An AI algorithm called Speech2Face, developed by artificial intelligence (AI) scientists at MIT's Computer Science and Artificial Intelligence Laboratory (CSAIL), helps reconstruct a person's face with just a glance. with a short voice recording and the results were impressive.

Picture 1 of AI technology helps to reconstruct portraits almost sculpted from just the voice
The team's task was to reconstruct an image of a person's face from a short voice recording.

First, the researchers designed and trained a deep learning artificial neural network, using millions of videos from YouTube and the internet of people talking.

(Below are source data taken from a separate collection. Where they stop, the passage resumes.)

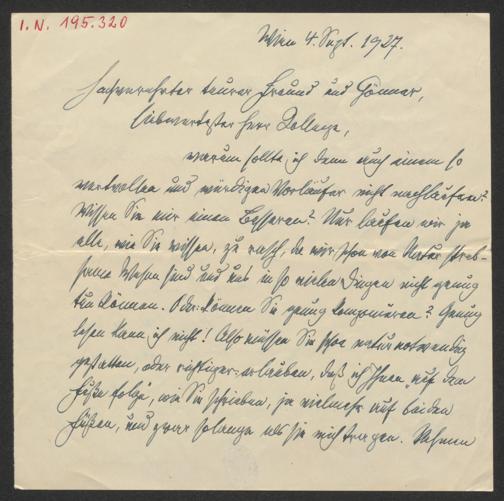 Mandyczewski, Eusebius: Brief an Wilhelm Kienzl. Wien, 4.9.1927
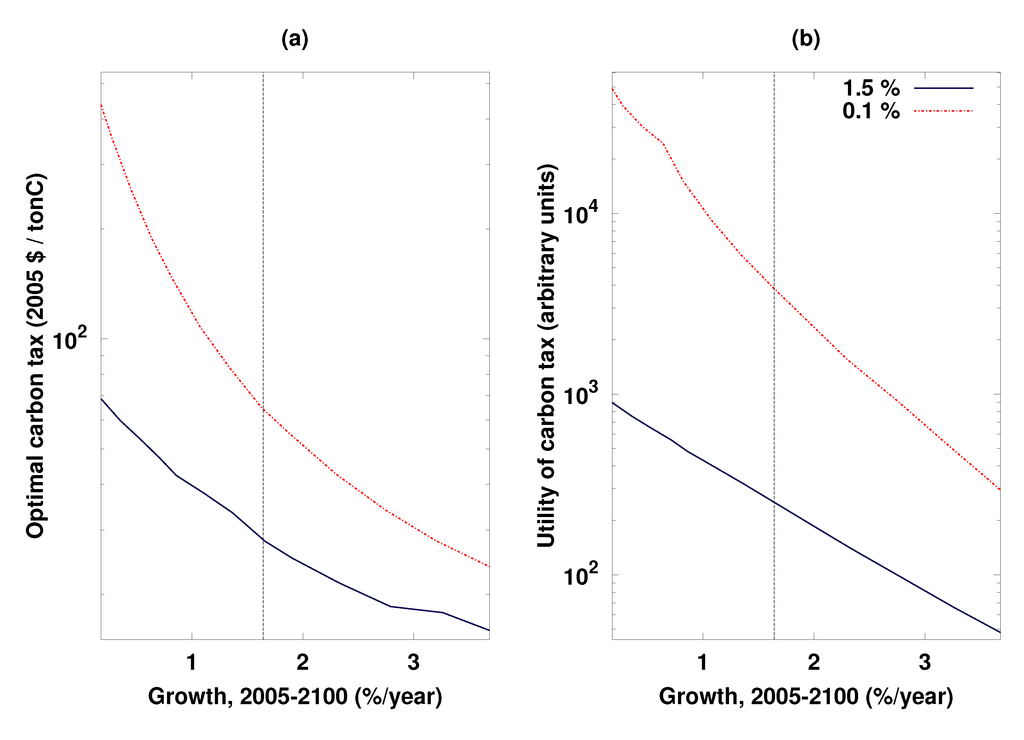 The impact of economic growth assumptions on optimal emission trajectories in DICE is sensitive to several other parameters in the model, including the pure rate of time preference and the dependence of utility on income. The assumed 1.5%/year pure rate of time preference effectively attenuates the relevance of future generations’ suffering for present decisions [49]. If we now change the assumed pure rate of time preference to 0.1%/year, matching that used in Stern [7] and granting much more importance to the utility losses of future generations, the increase in the present optimum carbon tax rate with decreasing assumed future economic growth is sharper. The tax rate approximately doubles from its default (which at $65/tonC, is already more than double the $28/tonC optimum under a 1.5%/year rate of time preference) if assumed economic growth drops to 1.0%/year and quadruples for growth of 0.5%/year (Figure 2a).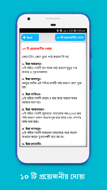 We find various types of books in the market or library such as: Door Dhandara and Fazilat Chhoti, small books of prayer, books, prayers and prayers - namaz shikkha bangla, work and fazilat etc. are found in which many important things are known. Let's change your daily life by doing this in our app. And encourage your good deeds. Besides, you can download Quran Recitation audio or mp3 app on your mobile to do more good work. So that you can always read or read the Quran recitation. Our app offers great blessings, the best prayers described in the Quran, the duaah is pleased with God, the prayer of being safe from accidents, blessings for the time of distress, the release of debt, 10 necessary prayers, prayers before going to bed and getting up, while entering the mosque There are numerous duaas including Hadith and some Naseehaha. So wait for us to download this mobile app today.
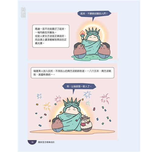 看完這套書,就可以了解現在世界各個國家是怎麼從零到有,建國時有什麼樣的心路歷程,最後又是怎麼樣發展到現在的規模。探索這些過程往往充滿驚奇,你會發現,就算是大如美國的世界霸主,都曾經只是小小的殖民地,有著弱小的曾經,有著跌跌撞撞的過去,甚至還有許多國家是陰錯陽差登入世界舞臺的呢!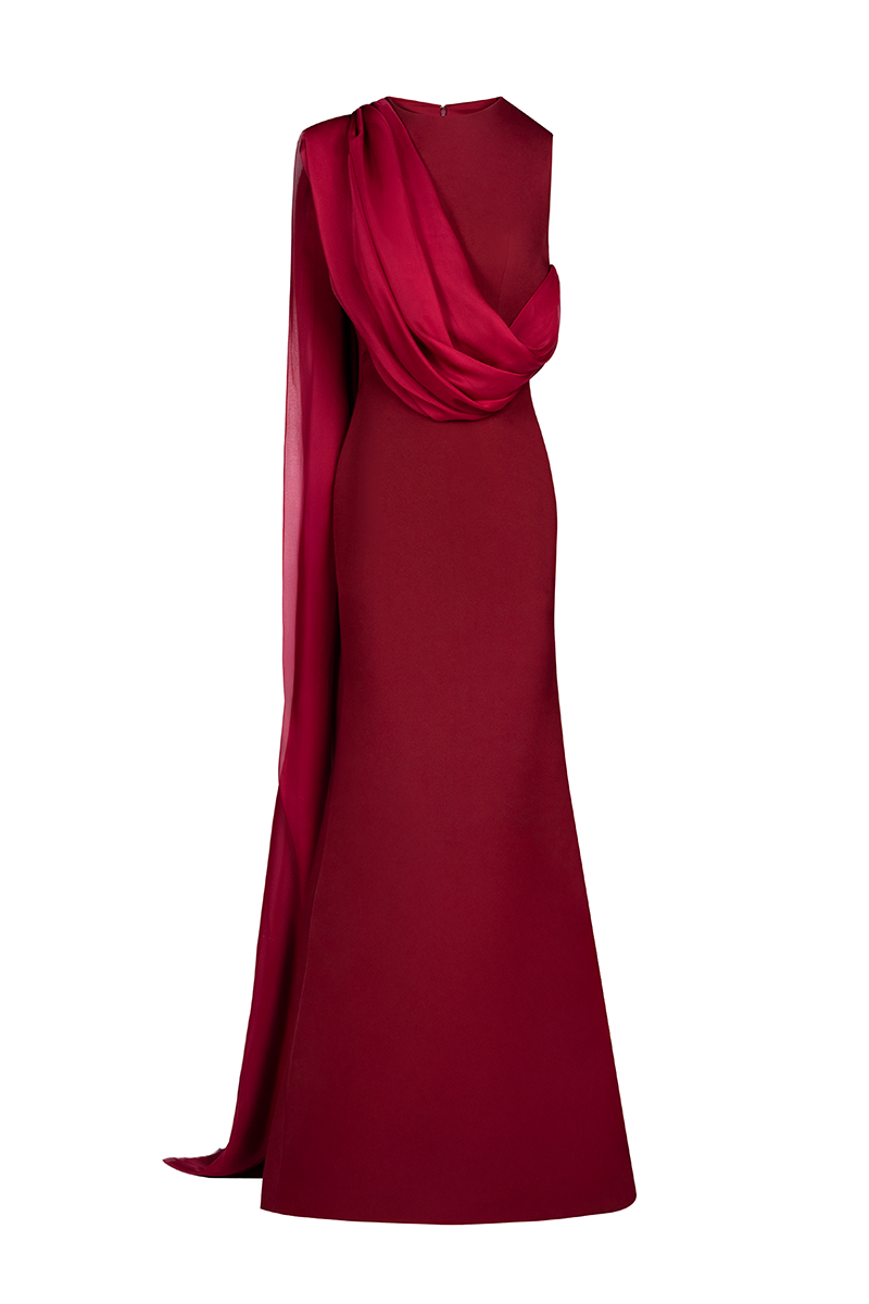 يتميز هذا الفستان الطويل بلونه العنابي الأنيق والراقي، وقصته الانسيابية بدون أكمام، مع كاب موسلين فاخر بكتف واحد. صُنع الفستان من قماش الكريب الفاخر ليمنحه انسيابية رائعة، ويُغلق من الخلف بإغلاق مخفي لإطلالة مثالية. مثالي للمناسبات المسائية أو الرسمية.

During this training, the AI learned the correlation between the sound of the voice and what the speaker looks like. Those correlations allow the AI to make the best guesses about the speaker's age, gender, and nationality.

There is no human involvement in the training process. The AI is only given a large amount of video and is tasked with finding the correlation between speech characteristics and facial features.

Once trained, the AI got very good at creating portraits based solely on voice recordings that resembled what the real speaker would look like.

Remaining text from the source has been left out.